Ötzi Eismann hat keine lebenden Verwandten

Mit großer Wahrscheinlichkeit lebt heutzutage niemand, der vom Steinzeitmenschen Ötzi abstammt. Das berichten Wissenschaftler, die das Erbgut des vor 5000 Jahren gestorbenen Mannes untersuchten.

Mit einer speziellen Technik hatten die Forscher um Franco Rollo von der Universität Camerino (Italien) das Erbgut in den sogenannten Mitochondrien von Ötzis Zellen erstmals komplett entziffert: die mitochondriale DNA oder kurz mtDNA. Sie hatten dieses Erbgut aus einer Darmprobe isoliert, die Ötzi im Jahr 2000 entnommen wurde. Damals wurde der Eismann erstmals vollständig aufgetaut. Mit ihrer Untersuchung liegt nun die derzeit älteste mtDNA-Genom-Sequenz eines modernen Menschen überhaupt vor. Die Mitochondrien sind die "Energiekraftwerke" der Zellen.

Das Analyseergebnis, das die Forscher im Fachblatt "Current Biology" präsentieren, überrascht die Fachwelt: Ötzis Typ mitochondrialer DNA war bislang gänzlich unbekannt. Frühere Untersuchungen von Ötzis Erbgut hatten gezeigt, dass der Eismann einer "K" genannten genetischen Linie angehörte. Experten sprechen auch vom "Haplotyp K", zu dem heute noch auch rund acht Prozent aller Europäer gehören. Ötzi fällt in die Subgruppe "K1", die sich wiederum in drei Teilgruppen aufspaltet. Wie die nun vorgestellte Untersuchung zeigt, passt Ötzis Erbgut jedoch in keine dieser drei Teilgruppen.

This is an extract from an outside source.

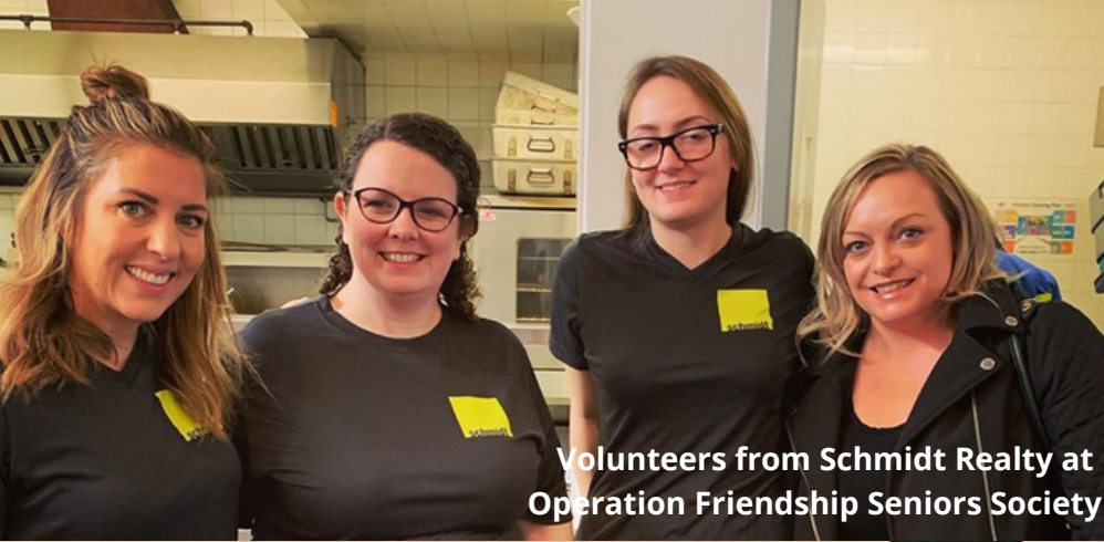
Volunteers from Schmidt Realty at Operation Friendship Seniors Society

Das bedeutet: Ötzi hat wahrscheinlich keine lebenden Nachfahren - oder seine Abstammungslinie ist extrem selten geworden und wurde bei genetischen Untersuchungen bislang nicht entdeckt.

Von der Mutter vererbt

Mitochondriale DNA wird ausschließlich von der Mutter an die Nachkommen vererbt und vermischt sich nicht mit dem väterlichen Erbgut. Da sich das mitochondriale Erbgut über die Jahrzehnte nur langsam verändert, stellen Analysen der mtDNA sozusagen ein Fenster in die Vergangenheit dar. Sie erlauben Aussagen über die Herkunft von Menschen und ihre Verwandtschaft untereinander.

Ötzi starb vor etwa 5300 Jahren im Alter von etwa 46 Jahren. Er wurde von einem Pfeil getroffen und dann vermutlich mit einem Keulenschlag getötet. Seine mumifizierte Leiche wurde 1991 nahe der österreichisch-italienischen Grenze gefunden und wird seit 1998 im Südtiroler Archäologiemuseum in Bozen ausgestellt.